This project is aiming to exploit a popular machine learning method: decision tree to classify wine into two type (red or white).This project can be found at: https://www.kaggle.com/c/wine-quality-decision-tree/leaderboard
Decision tree is an supervised machine algorithm which can devide the dataset into sub-dataset according to data's feature. Compare to dataset, sub-dataset has higher homogeneous (label we need to classify).Decision Tree algorithms are referred to as CART or Classification and Regression Trees.In this project, we only use Decision tree for Classification. For more detail of decision tree: https://towardsdatascience.com/decision-trees-in-machine-learning-641b9c4e8052
This dataset is public available for research. It includes 5097(training) + 1400(testing) samples. The details are described in the paper: P. Cortez, A. Cerdeira, F. Almeida, T. Matos and J. Reis. Modeling wine preferences by data mining from physicochemical properties. In Decision Support Systems, Elsevier, 47(4):547-553. ISSN: 0167-9236.

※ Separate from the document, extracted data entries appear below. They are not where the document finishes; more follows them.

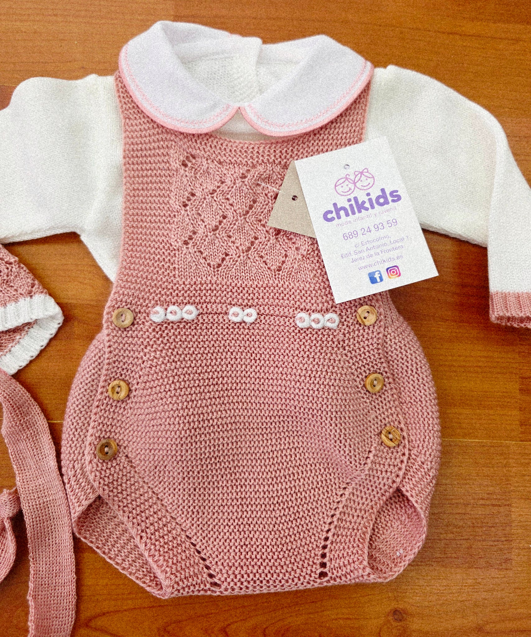 Conjunto Peto hilo 0 a 6 mes Rosa Palo | Primavera Verano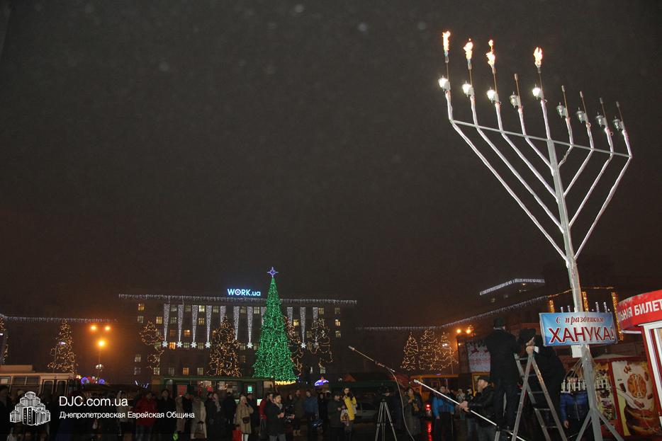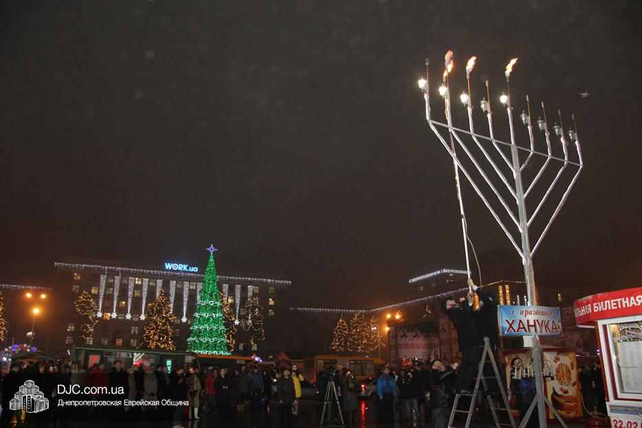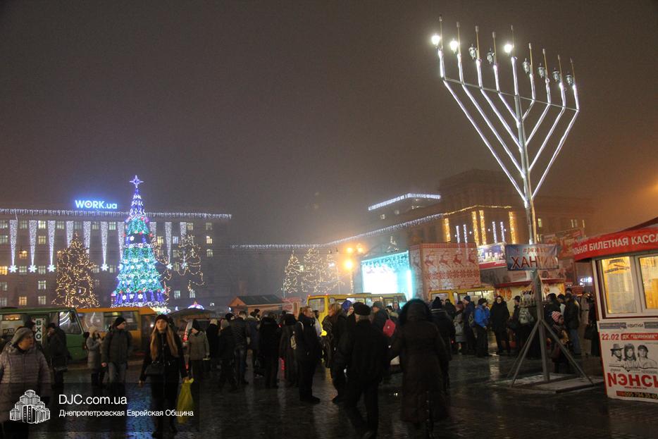На главной площади Днепра – площади Героев Майдана – состоялось торжественное празднование Хануки, с зажжением городской Ханукии и большим концертом.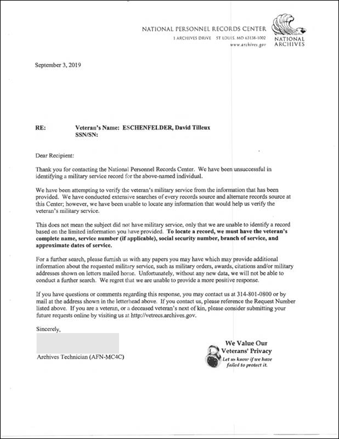 The NPRC was contacted to get Eschenfelder’s military records and they provided this after conducting a search: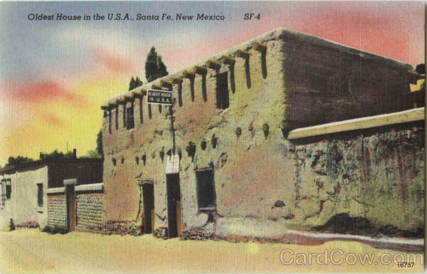 Front: SF-4 Oldest House in the U.S.A., Santa Fe, New Mexico OLDEST HOSE IN O.S.A 16757 Back: A "COLOURPICTURE PUBLICATION SOLD BY OLD TRAIL NEWS AGENCY, SANTA FE NM BOSTON 15MASS, USA in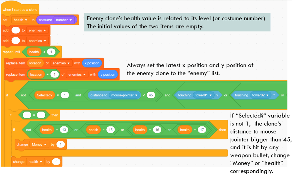 The next code in the loop will check if the enemy clone touches weapon bullet. There are another two conditions needing to be satisfied. One is “selected?” variable equal to 0, and the other is “distance to mouse pointer” not less than 45. When all of those conditions are met, this enemy clone is hit by bullet and its health value gets deducted. When its health value is equal to 0, the enemy clone is deleted and its location value in “enemies” list changes to 9999.

Available at: https://www.sciencedirect.com/science/article/pii/S0167923609001377?via%3Dihub
The data including 11 features of wine that might related to wine type:
- Fixed acidity
- Volatile acidity
- Citric acid
- Residual sugar
- Chlorides
- Free sulfur dioxide
- Total sulfur dioxide
- Density
- pH
- Sulphates
- Alcohol
Decision tree are able to achieve testing accuracy of 98.21%